Mini hearts, lungs and livers made in lab now grow their own blood vessels

These sophisticated models will be used for human-development studies and drug testing

Human cerebral organoids inside a flask. Scientists have grown hearts, liver and lung organoids with blood vessels.Credit: National Institutes of Health/Science Photo Library

Researchers are making ever more sophisticated mini organs in the lab — and now they can grow their own blood vessels. The structures, which mimic the heart, liver, lungs and gut, are some of the most complex models of human development ever made, and contain cell populations and structures not seen before in these models.

“Vascularization of organoids is a hot topic,” says Ryuji Morizane, a nephrologist and stem-cell biologist at Massachusetts General Hospital in Boston.

Miniature 3D cell structures, called organoids, have been used for many years to test drugs and study disease and development. But most organoids lack the vessels that transport blood, nutrients and oxygen throughout the body, which has restricted their size, function and ability to mature. Kidneys, for example, need vessels to filter blood and produce urine, and lungs need them to exchange oxygen and carbon dioxide.

Last month in Science¹ and Cell², two separate teams reported creating vascularized organoids using a new approach that grows the organoids with vessels from their earliest stages. Starting with pluripotent stem cells, which can transform into almost any cell type in the body, the researchers coaxed the cells to form vessels as they were making the other organ tissue.

The models “really show the power of this strategy”, says Oscar Abilez, a stem-cell biologist at Stanford University in California, who co-authored the heart and liver paper¹.

Early work

The first attempts to vascularize organoids involved growing blood vessel tissue in a dish and then combining it with other cell types to form ‘assembloids’³. But these models were still limited in their ability to mimic the structure and maturity of real organs.

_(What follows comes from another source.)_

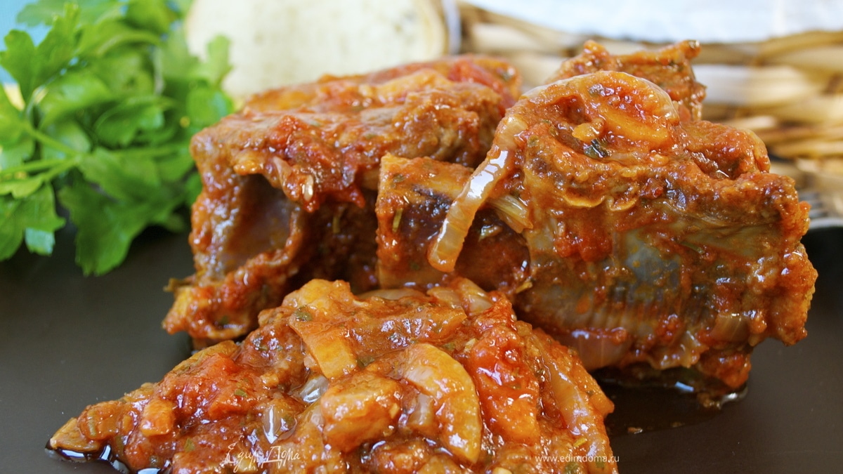 Томленые говяжьи ребрышки с томатно-овощным соусом

Researchers stumbled on the new approach by accident. While growing epithelial cells, which form the outer lining of some organs and tissues, several research teams, including a group at the University of Michigan, Ann Arbor, reported⁴ that their organoids also spontaneously formed non-epithelial cells of a type that lines the blood vessels. These cells are typically seen as ‘contaminants’ to get rid of, but the Ann Arbor group tried to amplify that contamination in intestinal organoids.

Capitalizing on the surprise find by other groups, Yifei Miao, a stem-cell biologist at the Institute of Zoology, Chinese Academy of Sciences, in Beijing and his colleagues decided to see whether they could control the simultaneous growth of both types of cell — epithelial and blood-vessel cells — in the same dish, starting with lung and gut organoids.

But in early development, epithelial and blood-vessel cells require entirely opposing molecular triggers to grow. “You can either save one or the other one, so naturally they couldn’t grow together,” says Miao. He and his colleagues found a way to time the dosing of a cocktail of molecules to trigger the formation of both types of tissue at once from stem cells².